Acrescento a música a uma playlist que criei chamada “Palco”. Eu  não coloco mais do que cinco músicas de uma banda nessa lista. No caso dos macacos eu tive que tirar Mardy Bum para acrescentar a nova música. Não foi tão difícil, até porque eu lembrei que a versão que eu mais gosto é a que eles tocaram no Glastonbury. As outras quatro músicas deles na playlist são completamente diferentes da ultima acrescentada. Praticamente uma versão diferente da banda que eu sempre gostei.

Será que as outras quatro musicas seriam velhas versões de mim mesmo? Não sei. Pergunta difícil. O certo é que nesses 12 anos de convivência esses macacos ainda conseguem me surpreender. E isso é o que bons músicos fazem. Eles desafiam seus ouvintes, e nesse álbum intimista, o Arctic Monkeys deixa para trás tudo aquilo que construiu, a contar daquele álbum do cara fumando  em 2006.

Ao apertar play ouvimos algo profundamente estranho aos nossos ouvidos. Mas será que aquilo que ouvíamos e dizíamos lá em 2006 já não soa diferente do que um dia já foi? Se eu não sou mais o mesmo, por que eu deveria esperar que os Arctic Monkeys permanecessem iguais?O tempo (provavelmente) instigou eles a buscarem outros mundos, e a sensação que fica é que os macacos cresceram, se envolveram e ficaram mais complexos e – neste processo – se tornaram mais humanos.

Meu telefone toca. Meu primo avisa que vai fazer um churrasco do aniversário dele. Lembro que em 2009, na mesma data, o aniversário caiu  no mesmo dia do show do Oasis em Porto Alegre. O tempo voa. Nesse meio tempo eu penso: NOSSA, TE LEMBRA DO TEMPO QUE TU AMAVA OASIS?

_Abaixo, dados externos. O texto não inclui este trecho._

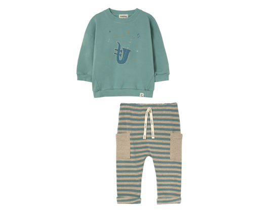 Soft Stripes Cargo Sweater Set - Artic Blue
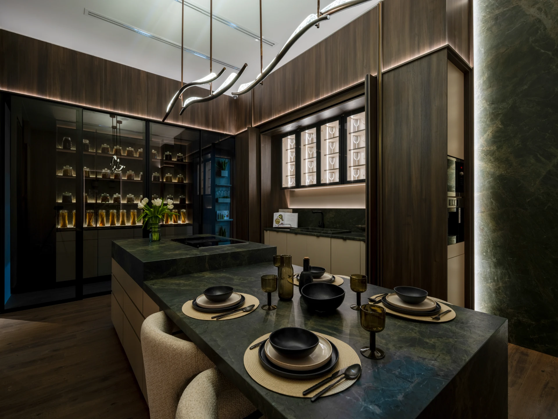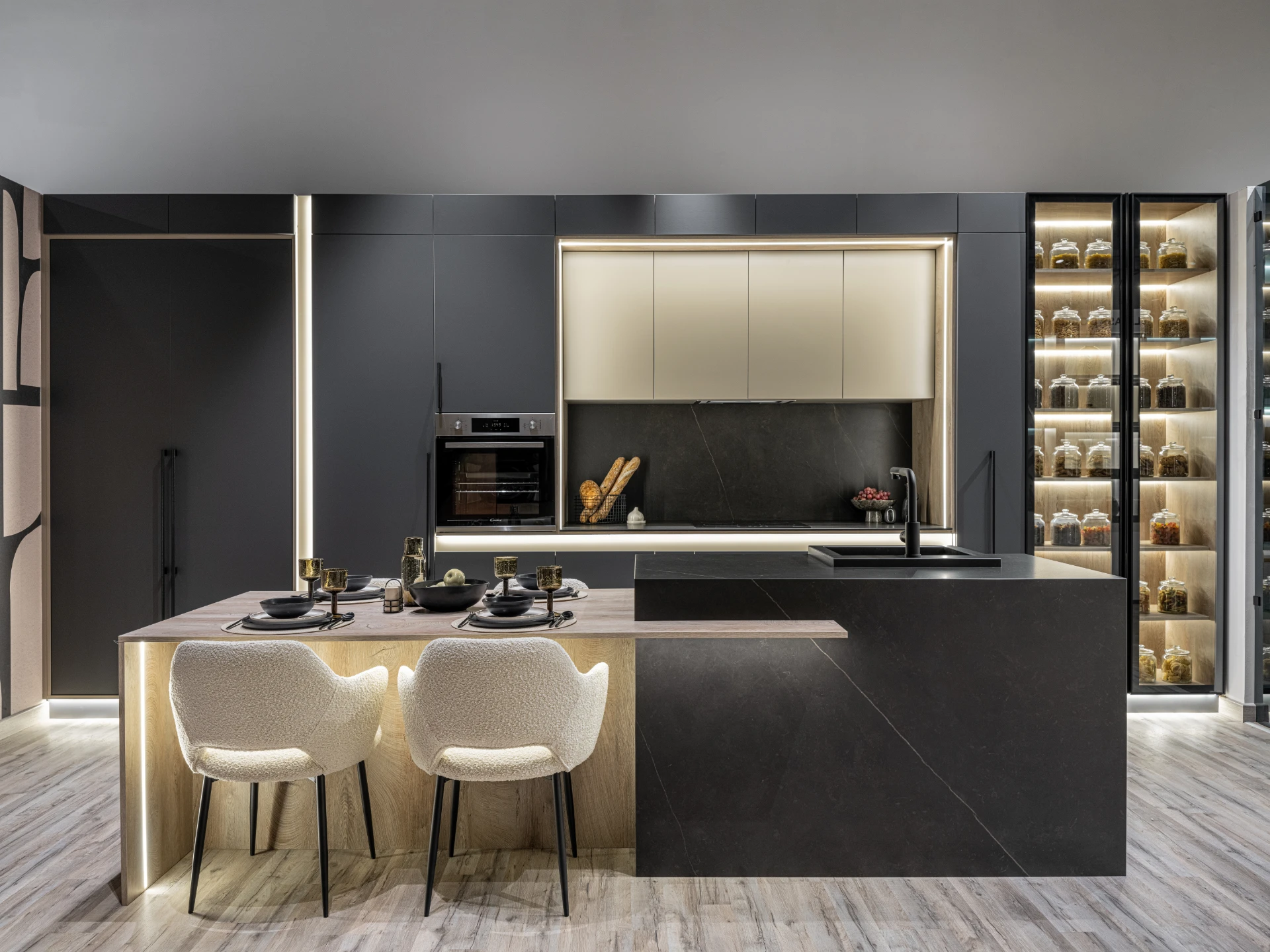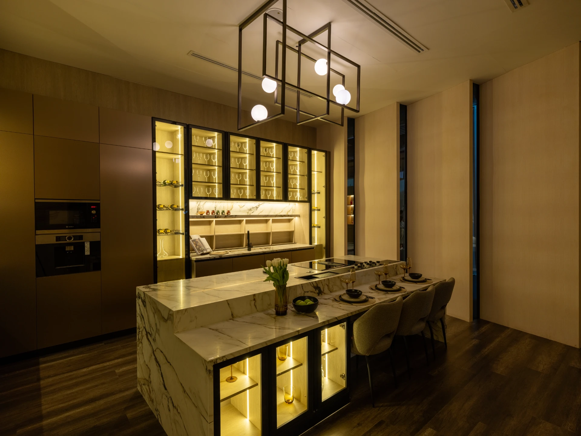 Our kitchens are created with an obsession, to aesthetically combine form and function, mixing and matching colors and materials to ensure that your style is well satisfied. When comes to the quality of finish and material we aspire for perfection. With exclusive, unique, & detail-oriented designs and finishes we under- stand your needs and desires weaving them into a real truth that you can behold and expe- rience

Um comentário em “Macacos tranquilos com tratamento de estrelas

  1. Viajei aqui imaginando a época que conheci os macacos do ártico também! Engraçado como o tempo traz a necessidade de mudança e como amadurecer fica cada vez mais evidente haha, belo texto! Trouxe um significado maior e especial pro álbum que tbm é nosso rs (embora, saudades guitarras tombiem hehe).